User Rating:
Not right?
by phileasfogg
New Delhi, India
August 6, 2005
We arrived around noon and were told by the maid that Mrs. de Menezes Bragança (who guides visitors around the house) was at lunch. Would we please sit? We sat on carved wooden chairs and waited. Sure enough, within a few minutes, the lady, white-haired and very spry, arrived.
We began with the drawing room, with its balconies, heavy curtains, and painted walls (an unusual pattern of thistles all along the top). Mrs de Menezes Bragança started off by revealing that the chairs we’d been sitting on were 350 years old. In fact, almost everything in the house - furniture, silverware, porcelain - is between 250 and 350 years old. The Spanish tiles on the floor are 450 years old.
In the drawing room are an exquisitely carved Chinese cabinet of ebony; hand-painted Chinese porcelain plates and urns; a Japanese cloisonné vase decorated with goldfish; and a lovely ladies’ fan painted in muted colours and gold leaf. "My great-grandmother’s," our guide said. Next to it was an intricately carved box that looked like some dark wood, until Mrs de Menezes Bragança held it up to the light, where it revealed itself in rich, blood-gold tones as flawless Chinese amber.
We were led onwards to the 5,000-book library (the largest private collection in Goa) that belonged to our guide’s father-in-law, a famous journalist.
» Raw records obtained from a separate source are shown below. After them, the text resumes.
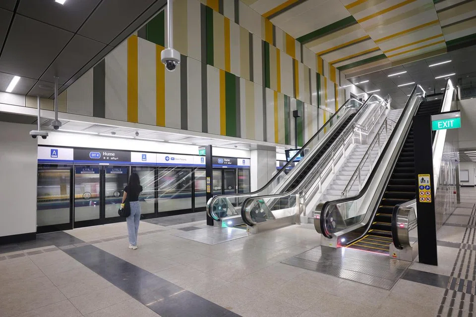 டௌன்டவுன் ரயில் பாதையில் கட்டப்பட்டு உள்ள ஹியூம் எம்ஆர்டி நிலையம் மஞ்சள்நிற கிரானைட் முகப்புடன் கட்டடக் கலை அழகை வெளிப்படுத்துகிறது.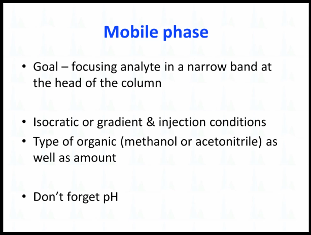 So there are some rules for this, your goal is focusing on the analyte in a narrow band, if you have isocratic versus a gradient, that you have to take that into account.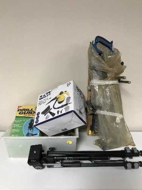 A box containing drill guide, hand tools, steam cleaner, camera tripod etc
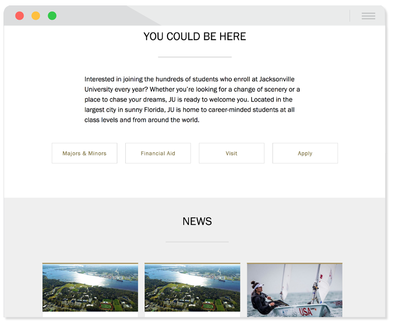 Approachable yet professional. The project's primary goal was creating a user friendly, information-architecture focused hub where prospective and current students could quickly find the content they sought. You can see how thing's have changed from the old site.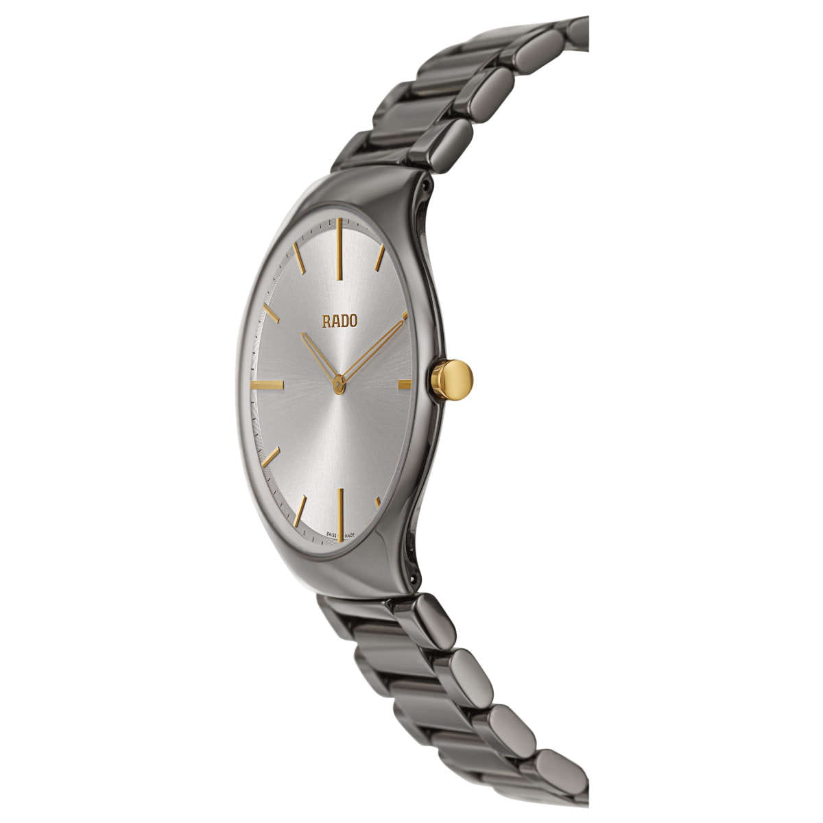 Швейцарские мужские Rado True Thinline R27955112, кварцевый механизм с высокой точностью. Сапфировое стеклоСапфировое стеклоПрочный и надёжный материал из кристалла сапфира синтетического происхождения, характеризующийся особой твёрдостью и устойчивостью к царапинам и повреждениям. устойчивое к появлению царапин, обладающее высокой прозрачностью. Корпус часов изготовлен из высокотехнологичной керамикиВысокотехнологичная керамикаИнновационный запатентованный Rado материал с гладкой или матовой поверхностью. Керамика за счёт кристаллической структуры обладает повышенной устойчивостью от возникновения царапин. Материал способен принимать температуру тела человека, обеспечивая невероятный комфорт при ношении.. Класс водозащиты: 30 метров, позволит защитить корпус от случайных брызг или капель дождя. Керамический браслет на застёжке-бабочке с кнопкамиЗастёжка "бабочка"Такой вид застёжки дополняется предохранителями, помогающими избежать случайного раскрытия браслета. Обладают изящным исполнением. .

Luis de Menezes Bragança was so vocal in his criticism of Portuguese rule that when he died, they wouldn’t let him be buried within the pale, and his mausoleum stands across the road from the house.
Past the sunlight filtering in through windowpanes of oyster shell, we reached the ballroom, with its Italian marble floor, gold-painted scrollwork, and Belgian-glass chandeliers. The dining room, with its massive dining table, was less ethereal, but equally imposing. The sideboards were of teak inlaid with mother-of-pearl, and the glass-fronted cabinets were full of china and well-polished English and Portuguese silver, all in perfect condition.
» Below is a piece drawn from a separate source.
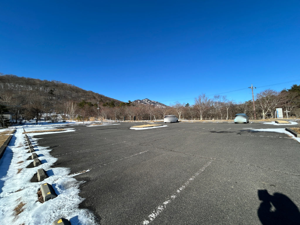 日射しが暖かく、駐車場の積雪はほぼ融けています。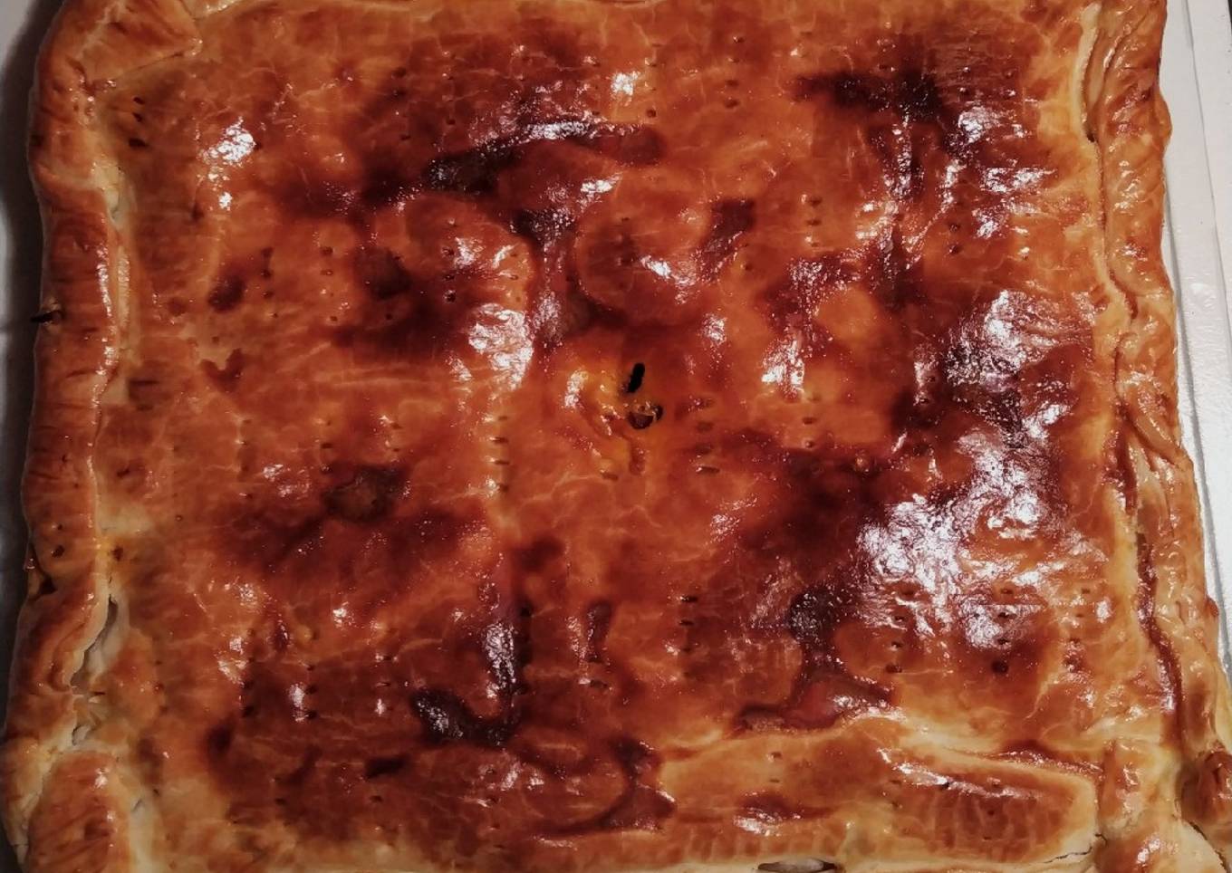 - En una bandeja para horno ponemos la masa de empanada, encima el relleno y encima de esto la otra nada y juntamos ambas masas, sellando los bordes

Our guide’s own bedroom had an intricately carved chest of camphor wood (which we dutifully sniffed), and in another spare bedroom was a teak wardrobe inlaid with rosewood.
By the time we emerged, we weren’t keen on visiting the more "modern" half of the mansion. We eventually went, but were disappointed - it’s too modern. Mrs. de Menezes Bragança’s home is by far the better.
There’s no entry fee to either home, but there’s a contribution box, and all donations go towards the upkeep of the mansion.